With an empty cache, query for a name that will require named to follow several delegation trails, e.g. through delegation or through CNAMEs.

www.amazon.co.uk/A is a good example.

What is the current bug behavior?

named (correctly) first sends the original question to the forwarder(s), then asks one of the root servers (using hints to find the address).

After receiving the referral (e.g. to the servers for 'uk'), before sending the original query to any of the referred-to servers named will send another copy of the original question to all of the forwarders. This is believed to be an error.
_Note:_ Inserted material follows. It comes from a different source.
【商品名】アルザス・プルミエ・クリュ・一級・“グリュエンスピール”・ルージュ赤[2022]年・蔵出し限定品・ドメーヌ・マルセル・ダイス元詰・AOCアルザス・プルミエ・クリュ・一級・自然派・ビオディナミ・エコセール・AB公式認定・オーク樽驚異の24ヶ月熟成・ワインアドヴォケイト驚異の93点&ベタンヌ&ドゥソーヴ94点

At each new referral (e.g. from 'uk' to 'co.uk' and from 'co.uk' to 'amazon.co.uk') named will send yet another copy of the original question to all of the forwarders before asking any of the new referrals. This is again believed to be an error.
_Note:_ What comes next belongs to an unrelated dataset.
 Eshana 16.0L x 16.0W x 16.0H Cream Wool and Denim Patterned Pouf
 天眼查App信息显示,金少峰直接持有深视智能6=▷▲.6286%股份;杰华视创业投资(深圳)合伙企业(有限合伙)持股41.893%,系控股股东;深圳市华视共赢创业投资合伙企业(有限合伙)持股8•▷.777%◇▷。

What is the expected correct behavior?

The expected behaviour is that, in the process of resolving a query, in a 'forward first' configuration named will give each forwarder one, and only one, chance to provide an answer to each distinct query before falling back to recursion.

Learning the list of servers that the root zone delegates 'uk' to should not be sufficient cause to expect that the forwarders may have a better answer to the same question they failed to answer previously

It does make sense for the forwarders to be given a chance to answer new questions (such as resolving the addresses of the delegated-to servers), but we don't need to be sending them the same questions repeatedly. The option is 'forward first', not 'forward first-and-alternating-thereafter'.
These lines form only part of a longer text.